What these injunction judges have forbidden labor to do makes a catalog over which you might have a good laugh, if you could forget all the heartbreak and agony of the poor that is summed up in the preposterous sentences. All the hopes that were blasted, the pitiful hopes of a little better food for a sick wife, of a chance to keep the children in school! Such things are the meaning of a strike to workingmen; and suddenly a grim personage in a black silk robe lifts a club and smashes these hopes over the head! As I write, some clothing workers of New York are on strike, and a judge has issued an injunction, forbidding them, not merely to picket the shops of their boss, but to go within ten blocks of the place! In the West Virginia coal fields, they are now forbidding mass-meetings, forbidding the use of money in unionizing the mines, and even the use of tent-colonies for the families of miners who have been ejected from company houses! In Oklahoma they recently forbade miners to pray! In Minneapolis I talked with a labor man who had spent six months in jail for violating an injunction, and he gave me the thing to read, a list of prohibitions that would fill a couple of pages of this book; as the man said, “I’d have broken the law if I’d waked up in the night and disliked my boss.”
And every year they are encroaching a little farther on the rights of the workers, and of all citizens. They are trying to set up the principle that it is a conspiracy against the public welfare to interfere with “essential industries.” Thirty years ago, when Grover Cleveland sent in Federal troops over the head of Governor Altgeld of Illinois, and smashed the strike of the railwaymen, and threw Gene Debs into jail, it was considered quite a startling action. But now we have got used to things like that, and in 1922 they imprisoned eight railway leaders in Los Angeles, calling their strike “a conspiracy to interfere with the mail.” Now President Coolidge, in his message to Congress, is calling for a law to forbid all such strikes, and take off the shoulders of the judges the embarrassment of having to create the law!
And so, once more, Judd, do you see why the rich are growing richer and the poor poorer?

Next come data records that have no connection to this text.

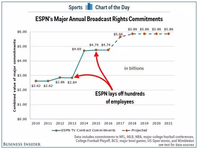 这笔收入看起来虽然不少,但2017年,ESPN将要支付给职业体育联盟的就超过80亿美金,包括NFL的19亿,NBA的14亿,MLB的7个亿,还有大学橄榄球季后赛的6个亿。其他的各个大学橄榄球联盟比赛,网球,高尔夫,各种天价版权数不胜数,完全没有给ESPN任何喘息的机会。
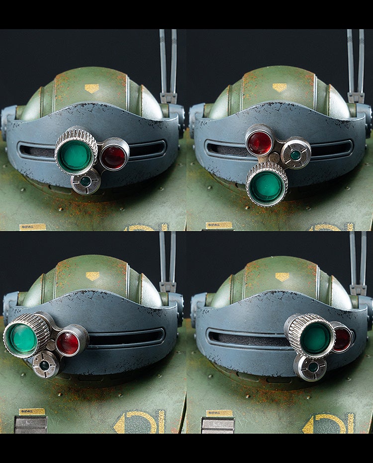 「ロボ道 スコープドッグ」にはプレイアビリティを向上させる様々なギミックも搭載。コクピットを露出させるにあたって、頭部バイザー、胸部コクピットハッチ、そして腹部メンテナンスハッチが開閉可能。コクピットシートにはAT用スーツを纏った「キリコ・キュービィー」のフィギュア(非可動)を着席できます。「ロボ道 スコープドッグ」のバイザー部の「ターレットレンズ」は回転でき、カメラの異なるズーム使用状態を再現可能。両前腕部には「アームパンチ」再現用の伸縮ギミックを搭載。脚部は変形し、降着姿勢が再現可能です。また、足の裏には「ローラーダッシュ」用のタイヤを内蔵しており、つま先を引き上げることでタイヤが展開します。さらに、両足の側面に装着した「ターンピック」も伸長可能です。腰部パーツの背面にはポリマーリンゲル液交換孔のスライドハッチのディテールが、そして腰部パーツの下面にはポリマーリンゲル液中和剤のタンクのディテールがモールドされています。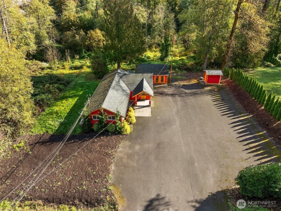 Residential home that was converted to office space. Will need conversion back to residential (Kitchen, and legal baths). Property is zoned R5 which means residential with "other activities" on the specific regulations. Possible home based business but again check with Snohomish Planning Department .Buyers should research to their satisfaction. At present there are 6 office/den spaces (bedroom size). entry, 3 half baths, 2 extra finished rooms and separate converted 24' by 24 ' detached garage with 1/2 bath and counters. Third building is well house. With house at 1425 sq ft and detached garage (bonus room conversion)of 576 sq ft this home potential is 2001 sq ft.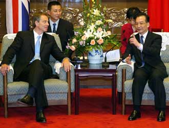Premier Wen Jiabao and Blair hold a 65-minute talks Monday at the Great Hall of the People in Beijing. Both men hailed the momentum of bilateral relations, and Blair said during the talks that he thought highly of the China's way of resolving latest problems in Hong Kong.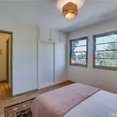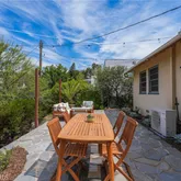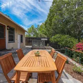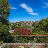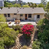 The spacious back...Perched above the neighborhood with hillside views, this tiny but mighty atomic ranch has been lovingly kept by the same family for over 40 years. Its vintage soul shows in the original hardwood floors and lattice-style windows, while the landscape feels like a sanctuary—two desert willows bursting pink in spring, a water-wise Australian willow for summer shade, a 50-year-old Meyer lemon heavy with fruit, and a mighty oak that’s grown from a volunteer sapling into the yard’s anchor.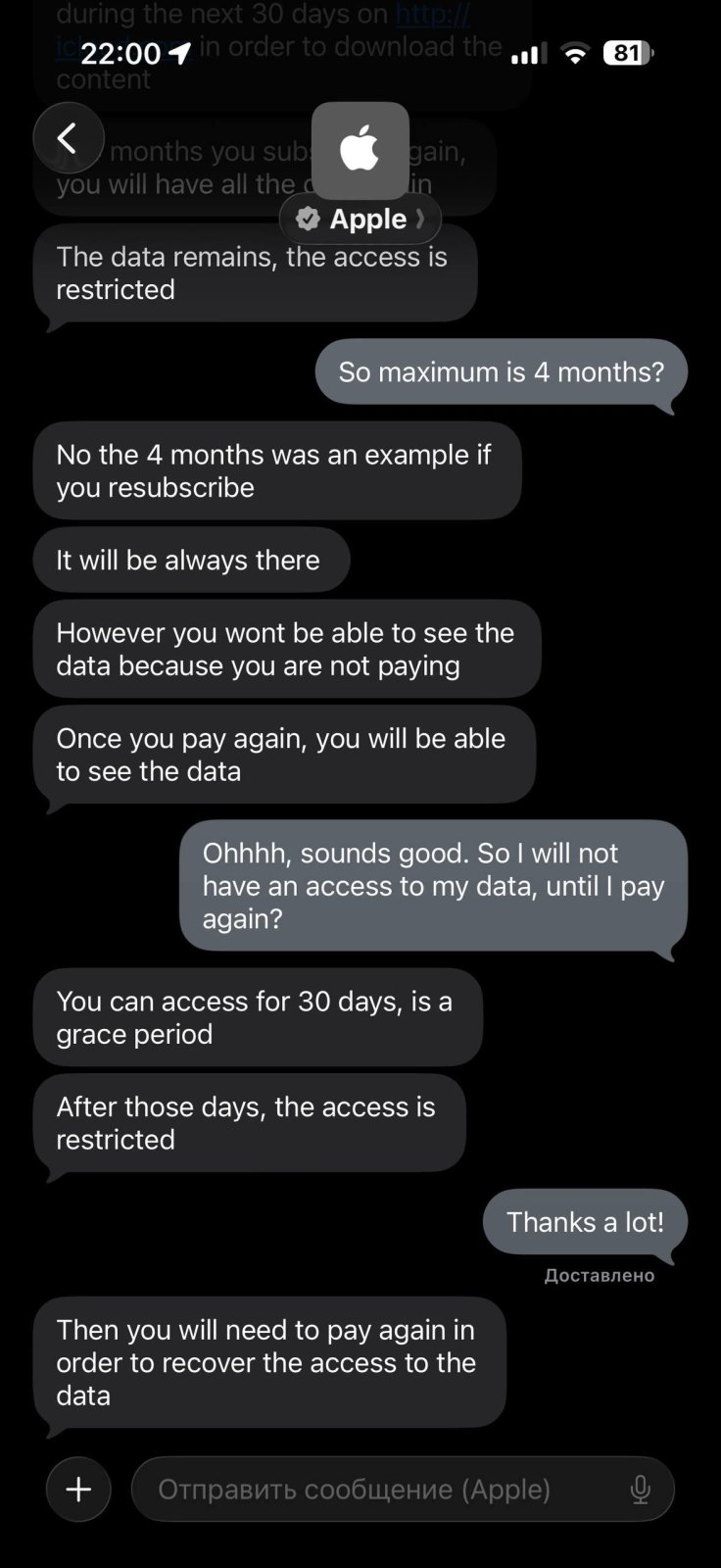 Однако некоторые издания получили в поддержке другую информацию, где сотрудники заявляли, что доступ к данным останется без ограничений. Это еще раз подтверждает мой вывод, что внутри Apple решения относительно российских аккаунтов еще не консолидированы. Поэтому лучше дождаться дополнительных уточнений от компании, а также не будет лишним сделать резервную копию своих файлов, если в ближайшем будущем вы не планируете продлевать подписку iCloud+.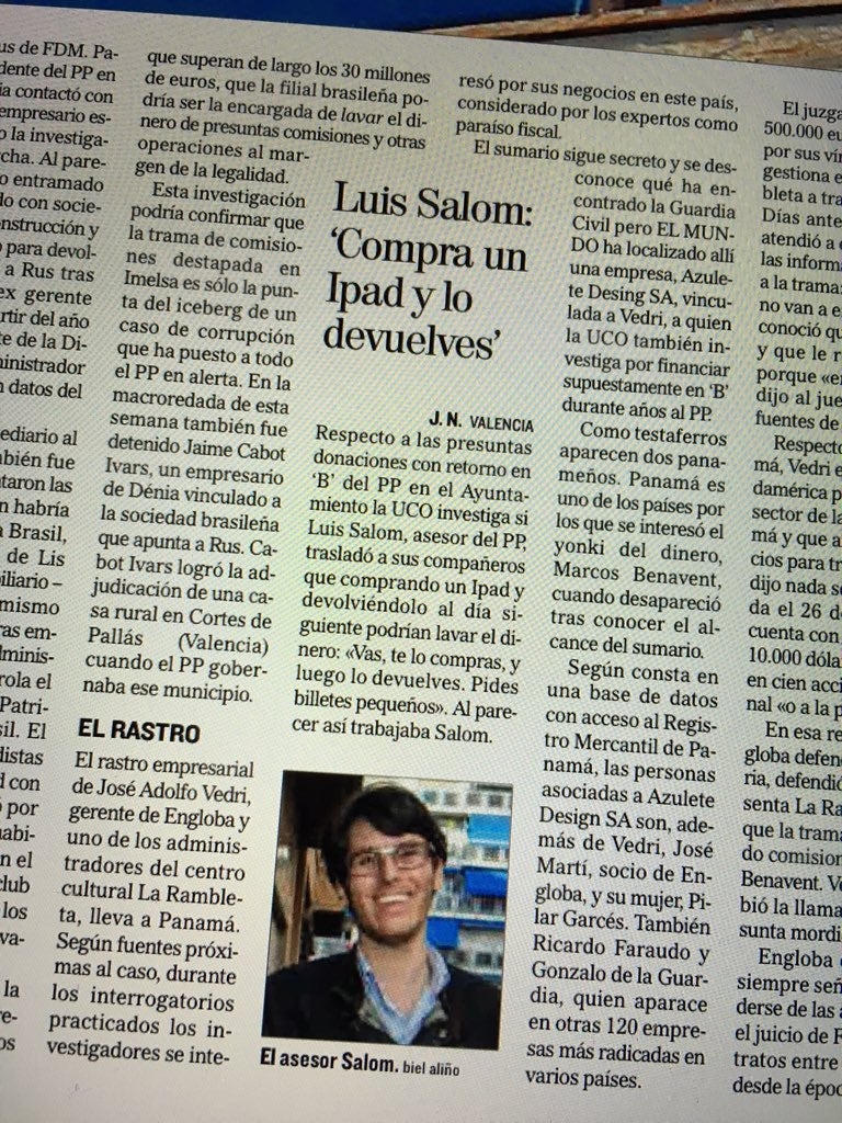 «Hem llegit dins dels sumaris de la UCO algunes intervencions d’un tal Luis Salom que els sonarà bastant, que diuen ‘tu vas, ho compres i ho tornes’ respecte a unes taules, ‘i després que t’ho tornen amb bitllets menuts i així tot queda tranquil’. Hui és assessor del Partit Popular».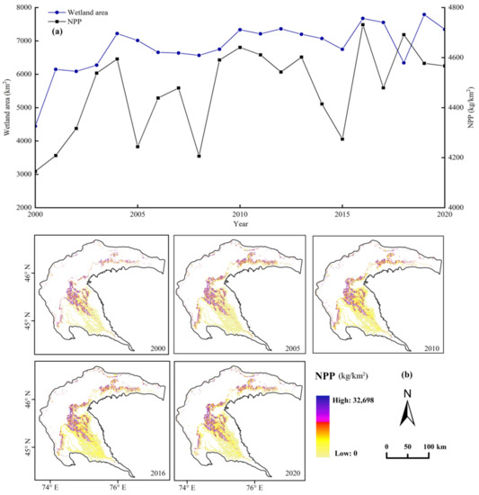 The value of NPP can directly reflect production capacity of plant communities under natural environmental conditions [43,44]. As shown in Figure 7a, from 2000 to 2020, the NPP of wetlands showed an increasing trend; the maximum value occurred in 2016, which was one of the years with a large wetland area, and the minimum value occurred in 2000, which was the year with the lowest wetland area.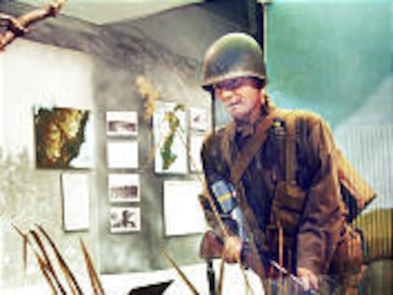 FORT DOUGLAS — Visitors to the new Fort Douglas Military Museum exhibit that documents the feats of the 96th Infantry Division (Deadeye) during World War II's battle for Okinawa see a diorama of a soldier moving up a hill and the life-size painting of a soldier's face behind him.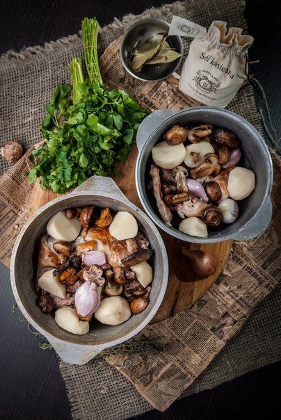 Собрать все вкупе. В казанок сложить слоями мясо, картошку, луковички, все грибы, тимьян,лавровый лист. Все умеренно солить и присыпать перцем.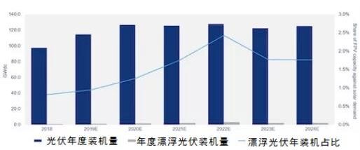 圖1:2018-2024年光伏年度裝機、漂浮光伏年度裝機及占比 (圖片來源:Wood Mackenzie電力和可再生能源)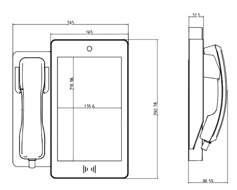 整机尺寸:245*290.78*86.59mm(厚度含话筒)
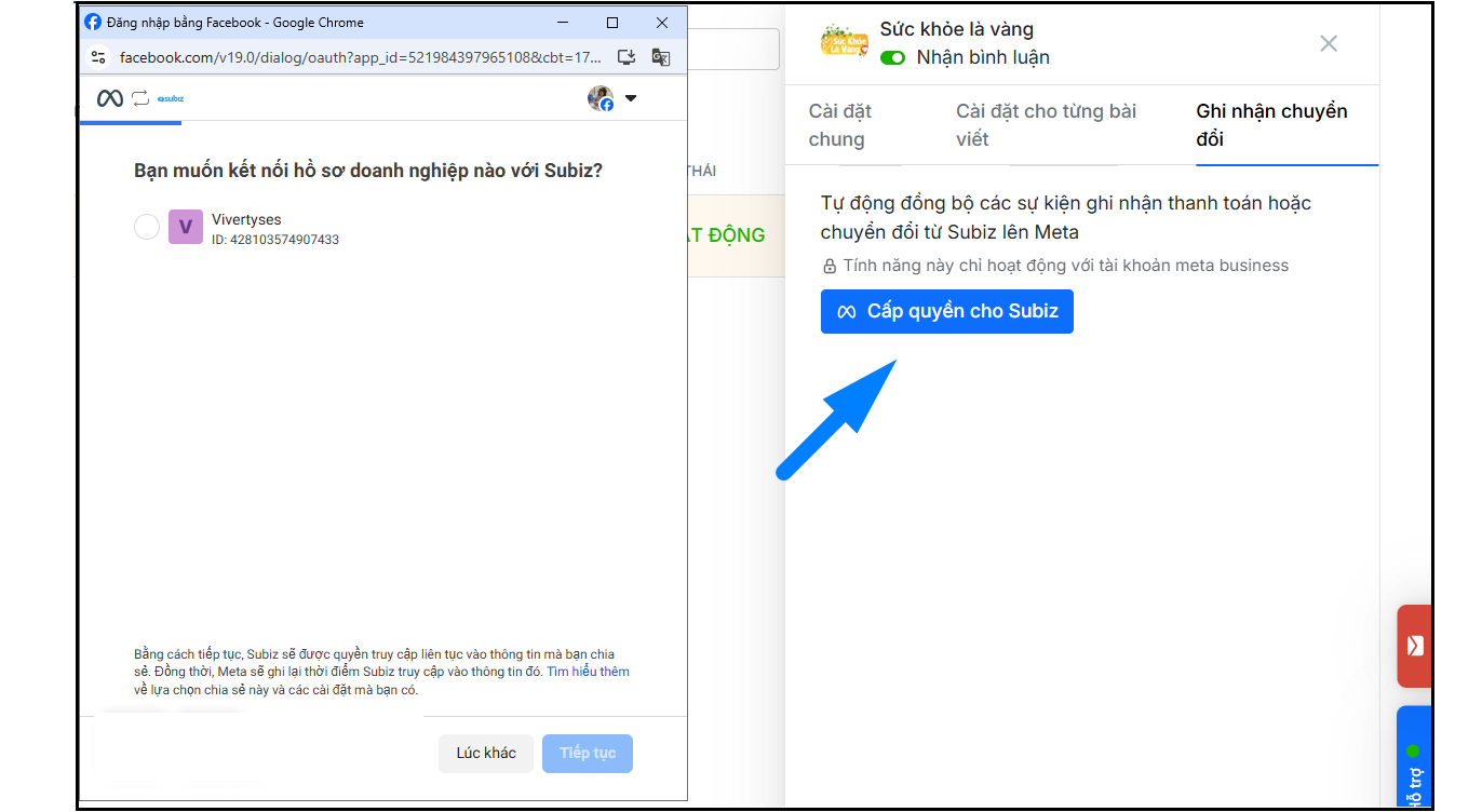 Vào Cài đặt Fanpage => Ghi nhận chuyển đổi => Cấp quyền cho Subiz

Do you see why the index figures of a university professor revealed that the wage-earners of America, taken as a whole, were five per cent poorer today than in 1890? I told you that riches and poverty are not caused by the Will of God, nor yet by any implacable Economic Law, but purely and simply by the actions of men, driven by the basest of all human impulses, which is greed. And here you see, Judd, exactly what these actions are. Every time an ex-corporation-lawyer on the bench issues an injunction which smashes a strike, he is reducing the average real wages of the workers of America; he is taking away a little more from the poor, and handing it to the rich—and that is the job for which the rich set him up in office, and bought him his black silk robe!